Posts Tagged ‘Philosophy’

Are You A Grudge Holder?

Friday, February 25th, 2011

HOLDING A GRUDGE I come from a long line of grudge holders, as I’ve discovered. My mother holds a grudge like nobody’s business. I learned from a master without realizing what I’d learned. Sadly, it took me decades to realize where it came from and then to think about what that meant. About me.

Just the other day I was yakking with some friends about holding grudges. Today the subject popped up on Twitter. Something in the air, I guess.

My mother has a sister (who I never met) who received some heinous treatment from her parents (my maternal grandparents, both of whom died before I was born). There’s no question what they did was heinous. And, to be honest, I understand why she never spoke to them again. But she also never spoke to my mother again and my mother was three at the time– my aunt was 20. My mother surely did not deserve to be ostracized just for being the child of people who treated my aunt badly. But you see, don’t you, that this tendency appears to be a family trait . . .

My mother disliked, with reason, another relative, and she spent years stewing about the many deliberate unkindnesses done to her by this person. Years. To be honest, she’s not over it. But even I, absorbing the lessons of grudge holding as a child, wondered why my mother cared quite so much. At some point, don’t you realize you’re better than the jerk and get over it?

What I learned, after far too long, was that I had internalized grudge holding. I have spent some time contemplating this. On the one hand, hey, what goes around comes around. Assholes and jerks should someday get their just desserts. Right?

On the other hand, holding a grudge takes time and effort.

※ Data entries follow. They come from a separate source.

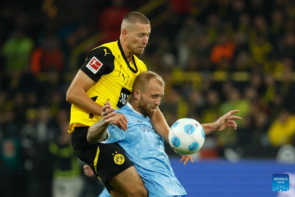 Waldemar Anton (L) of Borussia Dortmund and Philipp Hofmann of VfL Bochum head for the ball during the first division of Bundesliga football match between Borussia Dortmund and VfL Bochum in Dortmund, Germany, Sept. 27, 2024. (Photo by Joachim Bywaletz/Xinhua)
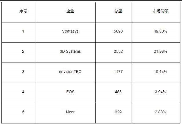 圖表:2015年全球工業(yè)級(jí)/專(zhuān)業(yè)級(jí)3D打印設(shè)備出貨量TOP5企業(yè)
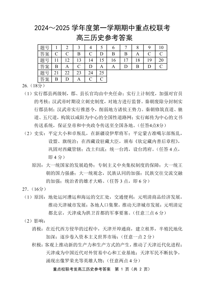 天津市五区县重点校联考2025届高三上学期11月期中考试历史答案

You have to relive the slights and injuries so you don’t forget who you’re pissed off at and why. In the case of heinous things such as my aunt experienced, the event is so life changingly tremendous you can’t forget. People really can do unforgivable things. But when someone else is just a common jerk? Wow. It’s tiring to hold a grudge. And do you really want to be keeping the Naughty list? Because if you’re not careful, the nastiness coats your soul in subtle and destructive ways. I’ve seen what it’s done to my mother.

So here’s the irony. I still hold grudges. But from time-to-time, I ask myself if it’s still worth it. Does the slight or insult still piss me off?

Mean Girls

In this really sideways way, allow me to say that yes, the writing community is a small one and it behooves a writer, published or not, to understand that putting mean things out in public may come back to haunt you. If it does, you’re going to have to accept that chickens have come home to roost. Suck it up. You were a jerk, and this is your payback.

Mean Girls – The Flip Side

If you hold a grudge, have the balls to admit it. If you’re ever in a position to decline to assist that person, you should personally understand what you’re doing and why. It’s better for your soul.

My Mean Girl Potential

There is an author who is fairly well known who, at one time, posted something extremely harsh about one of my books. It included what I believed was a personal attack and also demonstrated a disregard of authorial choice. She would have written a different book and she was REALLY pissed off that I didn’t write my book her way. Her post included CAPITAL LETTERS and !!!!!

To this day, I remember that. I remember her name. I also, to this day, continue to believe that my choice was more interesting than the one she wanted me to have made. Doh, since it was my book. It’s been quite a long time, and I still hold a grudge.

If, in some major stroke of irony, I was ever asked to blurb a book of hers (which I wouldn’t be. No one in their right mind would want a blurb from me) I would 1) make sure the request routed through my agent and 2) politely decline. Because I would probably be unable to give a fair read to her book, and also because I just wouldn’t want to. Because I am not yet free of my grudge holding ways. Because in this matter, I am still kind of mean and petty. And I am not all that happy knowing that about myself.

It gets Even Sillier

There is another author with a name that is similar to the author who was mean. I’ve never met her, but I know lots of other writers love her personally because she’s, apparently, really nice. And now I get confused between them. After all this time, I now have to spend time reminding myself which one was mean. Good gosh! Way to work the grudge. I think I am slowly moving toward a position of feeling it’s been too long and it’s no longer worth the hassle of remembering the mean girl’s name so I can never ever buy a book of hers and refuse a blurb request that will never be made.

The Future?

I do work pretty hard to separate someone’s personal opinions from the worth of the person. It’s totally OK to disagree with me. I don’t hate reviewers who hate my books. I’m well able to separate myself from someone’s opinions about my writing and to separate opinion from the opinion-giver. But mean people, well, they tend to piss people off. It’s only natural that if you’re mean, people might not like you.

So, where are you on the grudge holding scale? Did you learn from a master like I did and do you, as I do, struggle against the dark side?